In 2003, Razorback Records released Wizards of Gore, an Impetigo tribute album, featuring Blood Duster, Mortician, Machetazo, Impaled, Haemorrhage, Exhumed, Cock and Ball Torture, Lymphatic Phlegm, Last Days of Humanity, Gore Beyond Necropsy, Lord Gore, and more. Razorback Records also released the "ultimate" reissues of the Ultimo Mondo Cannibale and Horror of the Zombies albums, which include the original artwork, liner notes by bassist/vocalist Stevo Dobbins, and bonus tracks.

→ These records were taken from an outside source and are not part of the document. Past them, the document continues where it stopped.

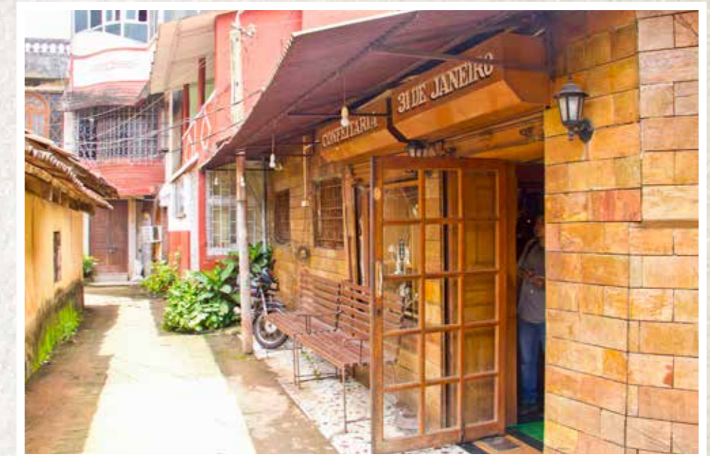
Confeitaria 31 De Janeiro_the oldest bakery in Fontainhas

Of the many wonders that the serene backwater of the Mandovi throws up, the Chorao Island is one of them. Ride onto the ferry from Ribander with your scooter on it, and get dropped on the other side. What unfolds is a spectacular sight of the reserved area of the Dr. Salim Ali Bird Sanctuary. Full of dense mangrove swamps, the most appropriate way to navigate is by a canoe. The Chorao village on the island in the middle of the river, is a small cluster of mud and thatch houses and a handful of exquisite Portuguese villas. A small village Church adds a dash of atmosphere to the already stunning place.
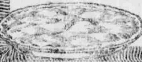
"Cottolene makes good cooking better"

Write our General Office, Chicago, for a free copy of our real cook book—"HOME HELPS."
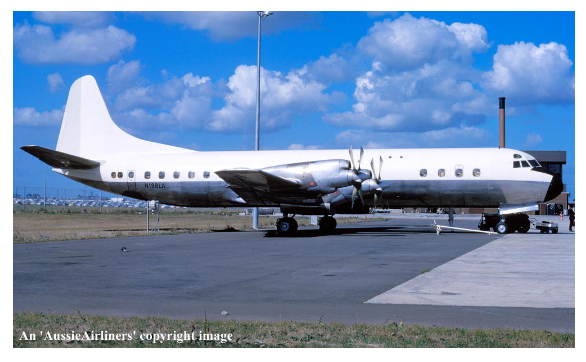
N188LA. Concare Aircraft Leasing - Melbourne Tullamarine Airport - April 1972.
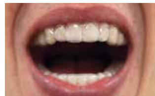
Wear tray 15 – 60 minutes
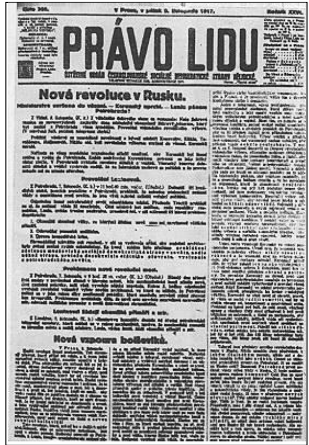
A copy of the social democratic paper „The People's Cause“ (Pravo lidu), which, as the first one in the Czech Lands, brought the news of the October insurrection in Russia
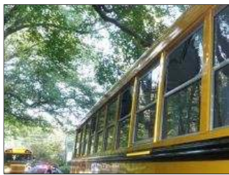
School bus hits tree branch in Westport, several students injured
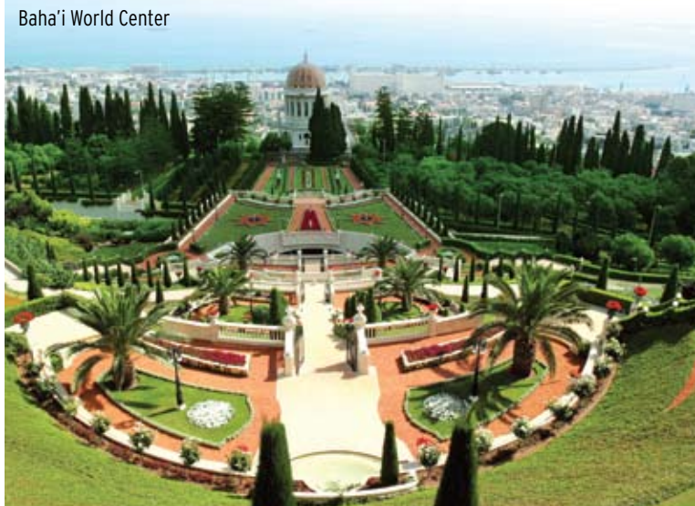
Baha'i World Center

The wonders of Haifa extend from the port, which serves as a gateway for commerce and cruise ships, to the heights of Mount Carmel , with the Baha'i World Center , and its sculpted garden and shrine, serving as a bookmark for the city. The Haifa Funicular , which shuttles visitors from Bat Galim promenade to the upper reaches of Mount Carmel, all the while offering a lookout onto the blue Mediterranean and shipping lanes below, is an alluring attraction for adventurous souls.
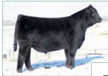
MAGS AVIATOR Sire of Lot 13

Folks, here is a true sale highlight to invest in proven championship genetics! The donor-dam, MAGS Wellrounded, is sound-structured, bold-ribbed, muscular and attractive patterned who produces at the highest level. The sire in this designer mating, MAGS Aviator, was a member of the 2014 National Western Champion Carload and his progeny are known for their supreme style and structural correctness. This elite mating promises to produce double homozygous, huge-numbered, phenotypically exceptional calves that project to compete at the highest level in show rings across the country. Invest today.
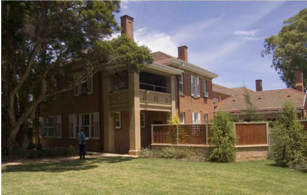
Original School Building/Headmaster's Residence, Urrbrae Agricultural High School (looking south-west from Fullarton Road)

Original School Building/Headmaster's Residence, Urrbrae Agricultural High School 505 Fullarton Road FULLARTON 5062
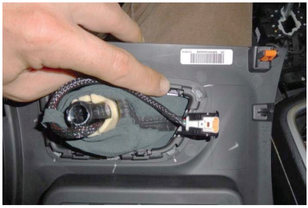
6. Release clips (x4) to remove shift boot and factory handle from bezel.
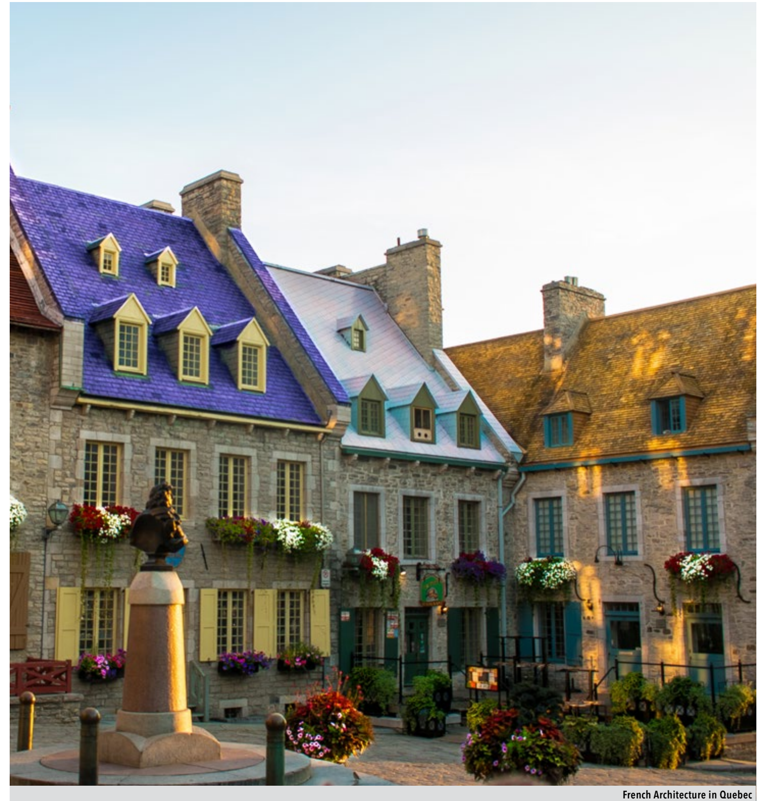
French Architecture in Quebec

Welcome to our first ever season of summer sailings in Canada and New England. This year we wanted to experience the region during the warmer months and we wanted to do it aboard our lovely Silver Shadow. We have added a special focus on the northern part of the region, visiting Newfoundland in northern Canada. The long days will allow us greater discovery of the region, permitting us to offer guests a vast spectrum of scenic variety. We have also added longer stays in Boston, meaning you can enjoy the epic fall foliage at your leisure. 2023/2024 is the season to polish up your French! We will be returning to Montreal after a long hiatus. If you like included shore excursions, a choice of ocean-going and expedition itineraries and the promise of scenically spectacular vistas, then this is the region for you.
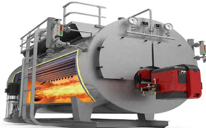
Fig. 2 A typical picture of Steam boilers

Boilers are closed vessels used to heat water to produce steam or hot water for industrial and power generation applications. They are commonly used in power plants, refineries, chemical industries and manufacturing processes, where steam is needed for heating, power generation, or processing. Since boilers operate at high pressure and temperature, proper design, operation, and maintenance are essential to ensure safe, efficient, and reliable performance.
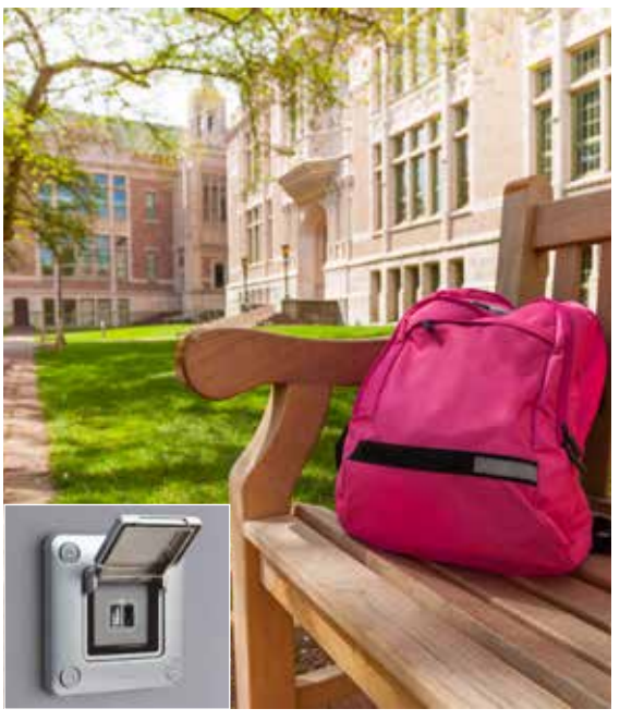
SCHOOLS | USB charger
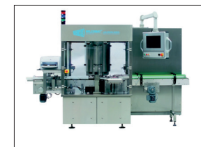
In-line quality control for pharmaceutical industry

Guitarist Mark Sawickis died on February 15, 2026.

== Band members ==
- Stevo Dobbins – vocals, bass
- Mark Sawickis – guitar (died 2026)
- Dan Malin – drums
- Scotty Bross – guitar

== Original discography ==
- All We Need Is Cheez (1987, live demo)
- Giallo (1989, demo)
- Ultimo Mondo Cannibale (1990)
- Antefatto (1991, split 7-inch EP with Blood)
- Buio Omega (1991, 7-inch EP)
- Faceless (1991, 7-inch EP)
- Horror of the Zombies (1992)
- Primitives (1999, split 7-inch EP with Transgressor)
- Late Night Necrophiliac Fun (1999, split mCD with Ingrowing)
- Live Total Zombie Gore Holocaust (2008, Live)
- Defiling The Stage (2010, DVD)

== Re-releases ==
- Giallo (1999, 10-inch picture disc)
- All We Need Is Cheez (1999)
- Ultimo Mondo Cannibale (1999, 12-inch picture disc)
- Faceless (2000, mCD/7" EP)
- Buio Omega (2000, mCD/CD-ROM)
- Giallo/Antefatto (2000)
- Horror of the Zombies (2001, picture disc LP)
- Ultimo Mondo Cannibale "Ultimate Edition" (2006)
- Horror of the Zombies "Ultimate Edition" (2007)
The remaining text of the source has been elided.